## Data for the task
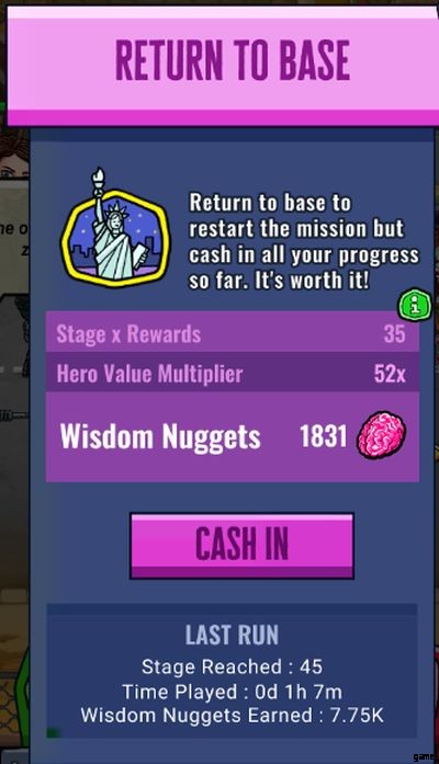 ゲームの複数のウェーブを進行するのに時間がかかり、早くもニューヨーク レベルでは、次のステージに進むために 50 のステージをクリアする必要があります。この数は、フィラデルフィアとリッチモンドではすぐに 100、150 になります。ピッツバーグ。時々、そのマイルストーンに到達するのに非常に近づいていますが、ボスが怒りメーターを蓄積してチームを全滅させる前に、時間内にボスをクリアできないようです.これがキャッシュイン機能の出番です。
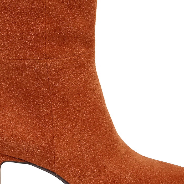 Mid-height long boot featuring premium cow suede construction in a rich umber colorway. Clean silhouette with self-color fabric-covered heel creates a sophisticated monochromatic aesthetic ideal for contemporary footwear collections.
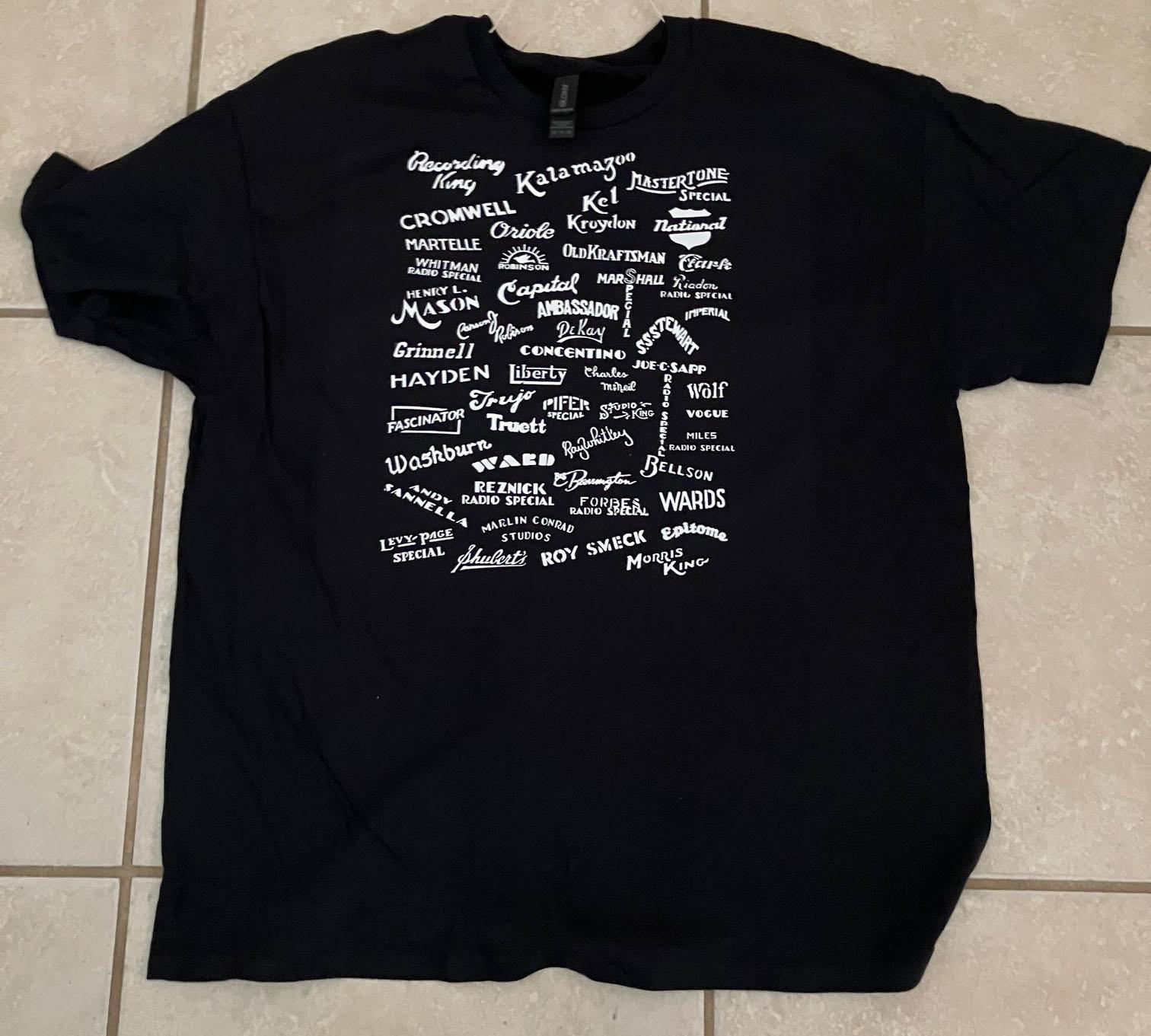 The Other Brands of Gibson T-Shirt available in Large, XL and 2XL. High quality Gildan heavy black cotton short-sleeve shirt with white design with the logos of 40 different brands Gibson manufactured pre-WWll, including Kalamazoo, Recording King, Kel Kroydon, Mastertone Special, Cromwell and many more.
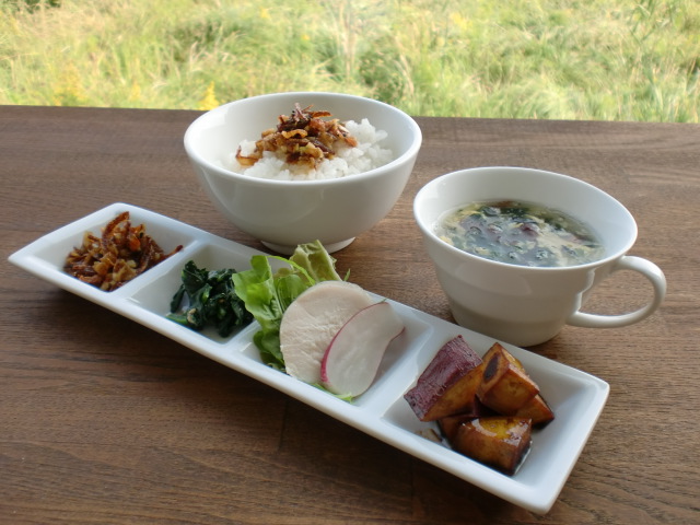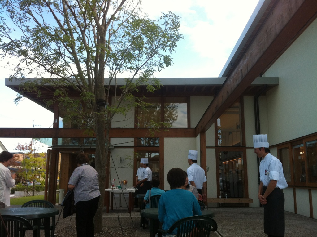 みんなが戻る頃にはなんとかできあがり、アツアツのお料理を並べてアウトドアパーティ。
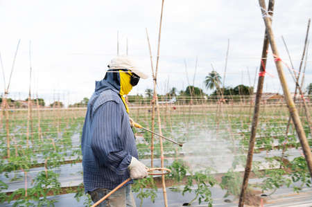 Gardening concept a young male farmer spraying a chemical pesticide for preventing the crops from the pests.
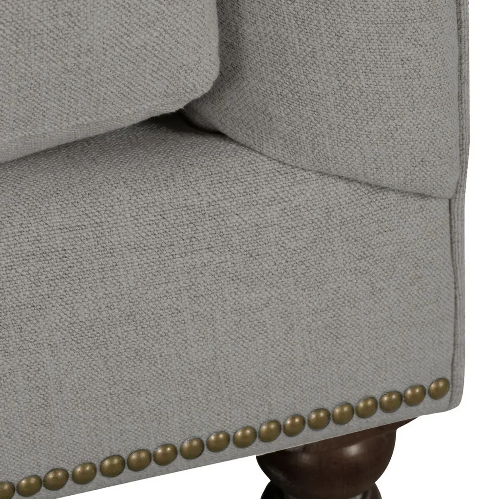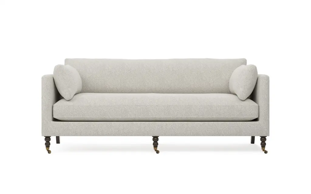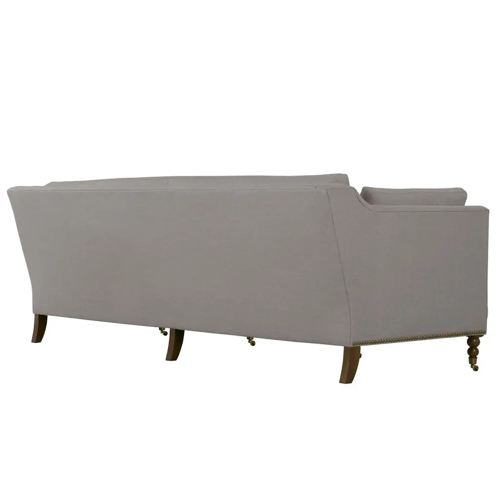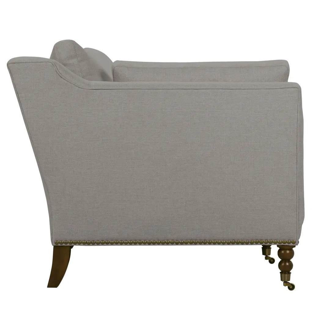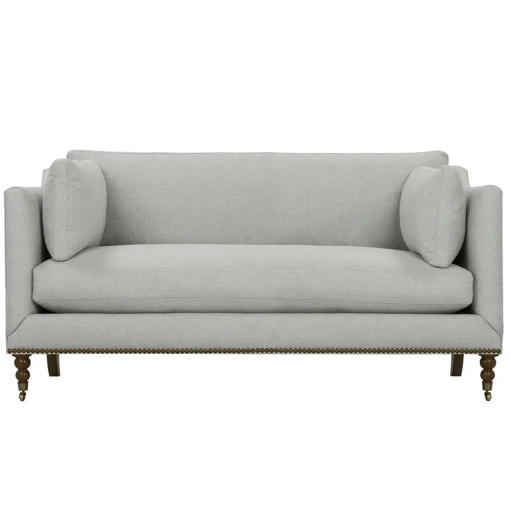 Exclusive to One Kings Lane: With its generous 90" length, linen-blend upholstery, boxy track arms, brass nail-head trim, and elegantly turned front legs, the Margot 90" Linen-Blend Sofa offers a perfect blend of timeless style and comfort. Its feather-and-down cushioning ensures long-lasting support, making it an inviting centerpiece for larger living spaces. Also of note:• Brass casters on the front legs complement the nail-head detailing, allowing the sofa to be moved easily without scratching your floors.• Frame: made from solid kiln-dried hardwood to ensure durability and longevity.• Cushion Fill: cloud cushion with a high-resiliency foam core wrapped in a super soft foam layer, inserted into a channel-quilted casing filled with 50% fiber, 5% down, and 45% feather.• Seat Construction: sinuous-springs system with heavy-gauge steel springs placed 4” - 5” apart for uniform comfort and doubled at each end for extra durability in daily use.• Seat Comfort: plush yet supportive, requiring regular fluffing and rotating to maintain the cushions' shape.• Comes with two lumbar pillows.
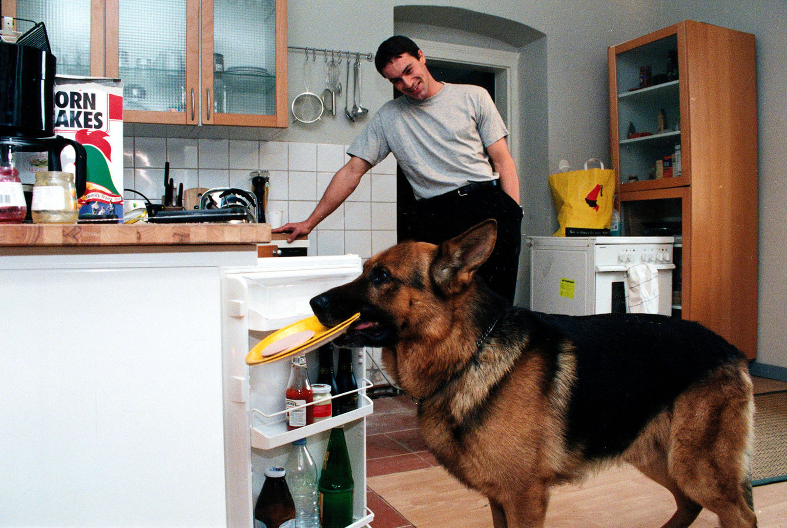 Furchtbare WahrheitRex ist der Meinung, jetzt sei (Fr-)Essenszeit. Da Herrchen Alexander Brandtner (Gedeon Burkhard) keinerlei Anstalten macht, ein Menü zu servieren, heißt es: Selbst ist der Hund!Bild: © Sat.1 Eigenproduktionsbild frei

## Task details
When you return the listing, keep it exact and omit any pictures it holds.

## Result
 ゲームの複数のウェーブを進行するのに時間がかかり、早くもニューヨーク レベルでは、次のステージに進むために 50 のステージをクリアする必要があります。この数は、フィラデルフィアとリッチモンドではすぐに 100、150 になります。ピッツバーグ。時々、そのマイルストーンに到達するのに非常に近づいていますが、ボスが怒りメーターを蓄積してチームを全滅させる前に、時間内にボスをクリアできないようです.これがキャッシュイン機能の出番です。
 Mid-height long boot featuring premium cow suede construction in a rich umber colorway. Clean silhouette with self-color fabric-covered heel creates a sophisticated monochromatic aesthetic ideal for contemporary footwear collections.
 The Other Brands of Gibson T-Shirt available in Large, XL and 2XL. High quality Gildan heavy black cotton short-sleeve shirt with white design with the logos of 40 different brands Gibson manufactured pre-WWll, including Kalamazoo, Recording King, Kel Kroydon, Mastertone Special, Cromwell and many more.
 みんなが戻る頃にはなんとかできあがり、アツアツのお料理を並べてアウトドアパーティ。
 Gardening concept a young male farmer spraying a chemical pesticide for preventing the crops from the pests.
 Exclusive to One Kings Lane: With its generous 90" length, linen-blend upholstery, boxy track arms, brass nail-head trim, and elegantly turned front legs, the Margot 90" Linen-Blend Sofa offers a perfect blend of timeless style and comfort. Its feather-and-down cushioning ensures long-lasting support, making it an inviting centerpiece for larger living spaces. Also of note:• Brass casters on the front legs complement the nail-head detailing, allowing the sofa to be moved easily without scratching your floors.• Frame: made from solid kiln-dried hardwood to ensure durability and longevity.• Cushion Fill: cloud cushion with a high-resiliency foam core wrapped in a super soft foam layer, inserted into a channel-quilted casing filled with 50% fiber, 5% down, and 45% feather.• Seat Construction: sinuous-springs system with heavy-gauge steel springs placed 4” - 5” apart for uniform comfort and doubled at each end for extra durability in daily use.• Seat Comfort: plush yet supportive, requiring regular fluffing and rotating to maintain the cushions' shape.• Comes with two lumbar pillows.
 Furchtbare WahrheitRex ist der Meinung, jetzt sei (Fr-)Essenszeit. Da Herrchen Alexander Brandtner (Gedeon Burkhard) keinerlei Anstalten macht, ein Menü zu servieren, heißt es: Selbst ist der Hund!Bild: © Sat.1 Eigenproduktionsbild frei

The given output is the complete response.